Task goal
Below are records with pictures. Reproduce exactly the lines from the line with "A festa que" to the line with "Fabric: Dark purple", inclusive, and leave each picture out.

Provided material
-.-.-
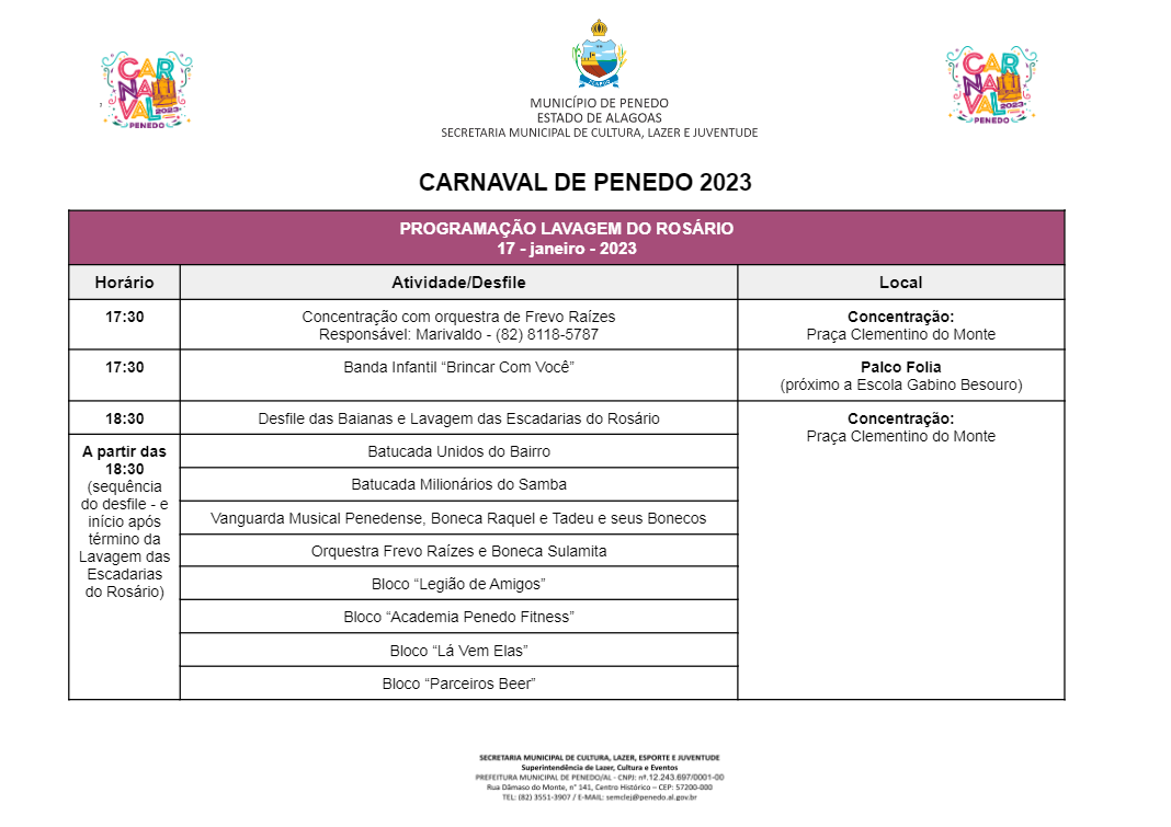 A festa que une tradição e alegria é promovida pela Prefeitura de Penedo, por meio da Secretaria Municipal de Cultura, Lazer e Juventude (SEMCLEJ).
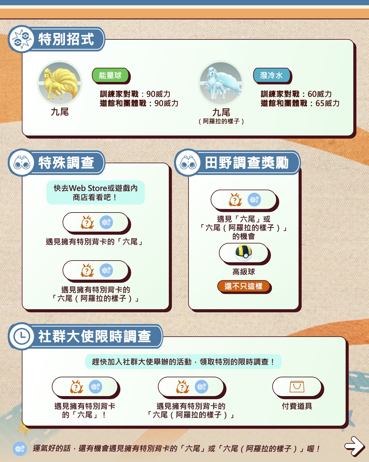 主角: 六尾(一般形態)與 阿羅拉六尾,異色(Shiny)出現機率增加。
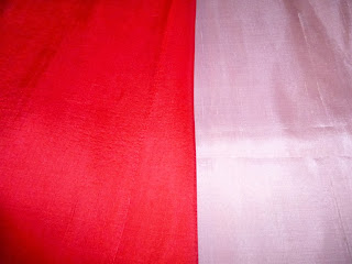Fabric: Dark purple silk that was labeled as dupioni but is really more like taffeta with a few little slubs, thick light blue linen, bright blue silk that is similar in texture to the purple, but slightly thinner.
-.-.-
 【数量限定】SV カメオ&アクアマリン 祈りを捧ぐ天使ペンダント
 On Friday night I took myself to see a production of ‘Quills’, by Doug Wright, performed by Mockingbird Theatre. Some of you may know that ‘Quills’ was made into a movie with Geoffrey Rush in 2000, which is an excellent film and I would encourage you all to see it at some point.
-.-.-
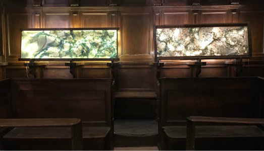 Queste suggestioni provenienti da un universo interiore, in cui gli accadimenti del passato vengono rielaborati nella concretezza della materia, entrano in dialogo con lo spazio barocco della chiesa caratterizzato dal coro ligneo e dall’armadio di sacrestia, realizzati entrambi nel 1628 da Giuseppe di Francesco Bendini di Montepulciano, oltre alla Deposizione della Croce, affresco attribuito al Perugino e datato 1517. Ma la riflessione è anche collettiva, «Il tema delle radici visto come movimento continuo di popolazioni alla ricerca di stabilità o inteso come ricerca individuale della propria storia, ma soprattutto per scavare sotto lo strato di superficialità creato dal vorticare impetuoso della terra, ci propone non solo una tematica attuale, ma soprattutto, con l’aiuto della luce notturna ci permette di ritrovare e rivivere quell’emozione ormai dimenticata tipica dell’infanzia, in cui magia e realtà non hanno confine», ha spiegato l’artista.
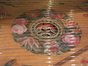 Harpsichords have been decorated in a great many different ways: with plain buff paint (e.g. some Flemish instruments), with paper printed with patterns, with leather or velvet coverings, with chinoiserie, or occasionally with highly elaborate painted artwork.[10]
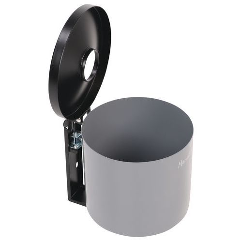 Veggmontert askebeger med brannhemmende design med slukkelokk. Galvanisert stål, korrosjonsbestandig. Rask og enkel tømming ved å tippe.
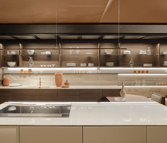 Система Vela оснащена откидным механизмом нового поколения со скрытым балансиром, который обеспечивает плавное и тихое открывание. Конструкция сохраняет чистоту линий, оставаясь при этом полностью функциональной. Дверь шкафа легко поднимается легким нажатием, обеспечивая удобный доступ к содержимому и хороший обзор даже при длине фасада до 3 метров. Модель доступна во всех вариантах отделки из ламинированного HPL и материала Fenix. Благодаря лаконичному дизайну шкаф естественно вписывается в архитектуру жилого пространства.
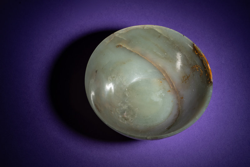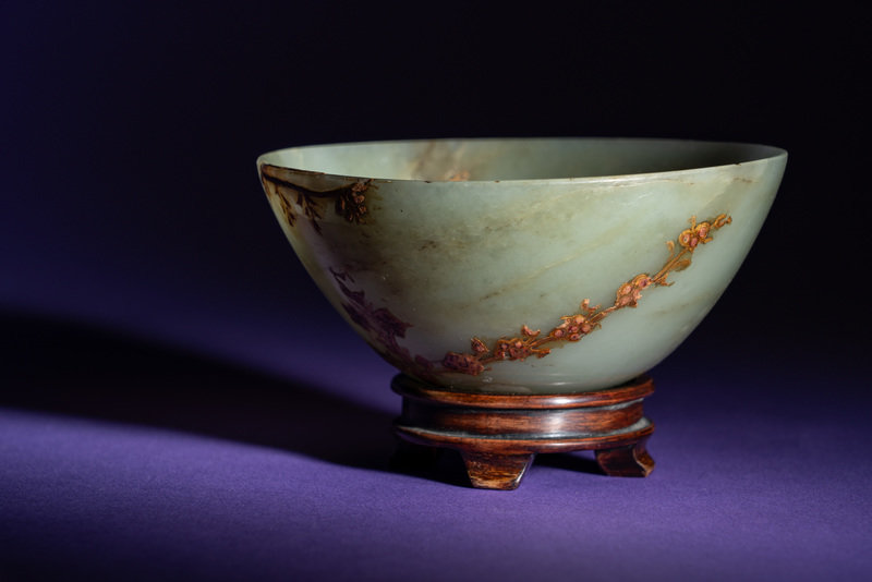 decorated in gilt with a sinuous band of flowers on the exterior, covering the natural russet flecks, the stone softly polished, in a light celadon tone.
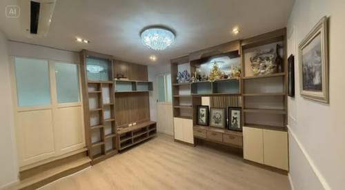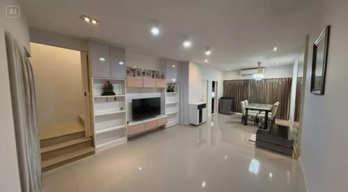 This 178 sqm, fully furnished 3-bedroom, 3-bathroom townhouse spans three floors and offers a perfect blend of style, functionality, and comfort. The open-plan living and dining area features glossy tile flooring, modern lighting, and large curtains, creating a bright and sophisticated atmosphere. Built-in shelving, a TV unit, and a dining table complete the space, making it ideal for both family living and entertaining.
-.-.-
Your solution
 A festa que une tradição e alegria é promovida pela Prefeitura de Penedo, por meio da Secretaria Municipal de Cultura, Lazer e Juventude (SEMCLEJ).
 主角: 六尾(一般形態)與 阿羅拉六尾,異色(Shiny)出現機率增加。
Fabric: Dark purple silk that was labeled as dupioni but is really more like taffeta with a few little slubs, thick light blue linen, bright blue silk that is similar in texture to the purple, but slightly thinner.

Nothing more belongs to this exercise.